クラフトビールは「ワガママ」が正解!仲間と「つながれば」もっとおいしいわけ

レビュー

  • シェア
  • ポスト
  • ブックマーク

クラフトビール入門 飲みながら考えるビール業界と社会

『クラフトビール入門 飲みながら考えるビール業界と社会』

著者
沖 俊彦 [著]
出版社
KADOKAWA
ジャンル
文学/日本文学、評論、随筆、その他
ISBN
9784040825410
発売日
2025/08/10
価格
1,056円(税込)

書籍情報:JPO出版情報登録センター
※書籍情報の無断転載を禁じます

【毎日書評】クラフトビールは「ワガママ」が正解!仲間と「つながれば」もっとおいしいわけ

[レビュアー] 印南敦史(作家、書評家)

クラフトビール入門 飲みながら考えるビール業界と社会』(沖 俊彦 著、角川新書)は、クラフトビールについての入門書。特徴的なのは、従来の書籍やメディアでの説明とは少し違った角度から「クラフトビールがどういうものであるか」を解説している点です。

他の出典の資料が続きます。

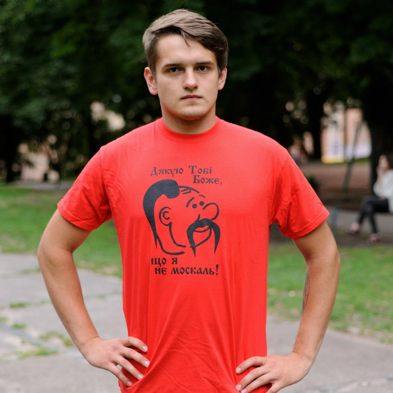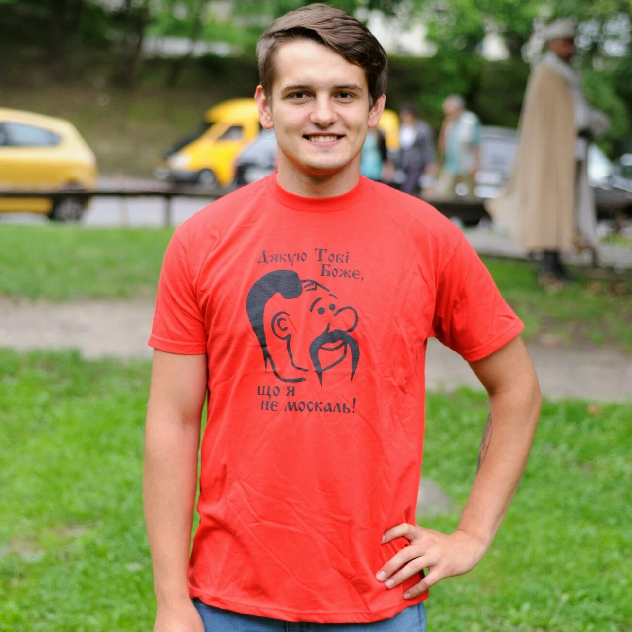 Чоловіча футболка із яскравим принтованим  зображенням та надписом на кольровому тлі від гуртівні Leosouvenir зробить Вас справжнім Українцем.

著者は、大学卒業後に就職したホテルでバーに配属されたことから、お酒とのつきあいがスタートしたという人物。仕事を通じてさまざまなお酒に触れ、それを楽しむ人々もまた多様であることを実感し、自然とお酒の奥深い世界にのめり込んでいったのだそうです。

本格的にビールに携わるようになって15年、独立開業して10年ほど経つといいますが、10年ほど前の時点でのビールに関する情報は大手メーカーに関するものが中心で、小規模な醸造所のものは注目されることが少なかったそう。

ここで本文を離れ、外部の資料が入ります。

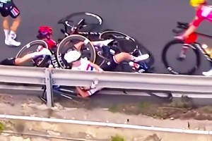 女子自行车赛频频摔车,车手避让不及冲下2米高护栏摔致昏迷
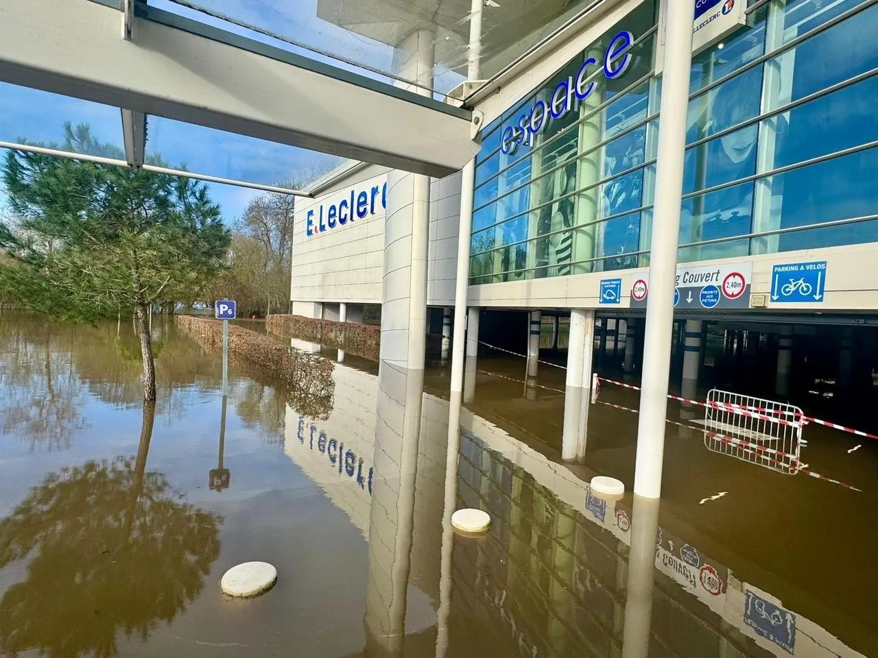« La clientèle nous reste fidèle » : même si son parking est inondé, ce supermarché Leclerc prend son mal en patience... |

そのため、手探りで自ら情報を集めるしかなかったということ。しかしそんななか、気づいたことがあったようです。

「日本でクラフトビールと言われているものは、外国のそれと一部は同じでありながら、まったく異なる部分を持っている」ことです。

自社のウェブサイトを中心に様々な側面からクラフトビールについて語っているうちに、縁あってアメリカのビールライター組合に加盟する機会も得ました。

ビールそれ自体の位置付けや歴史観、社会における仕組み、そしてコミュニティの在り方によって、各々がもつクラフトビール像も多様であり、クラフトビールなるものは多義的な、とても人間臭い文化なのだと理解するに至りました。(「はじめに」より)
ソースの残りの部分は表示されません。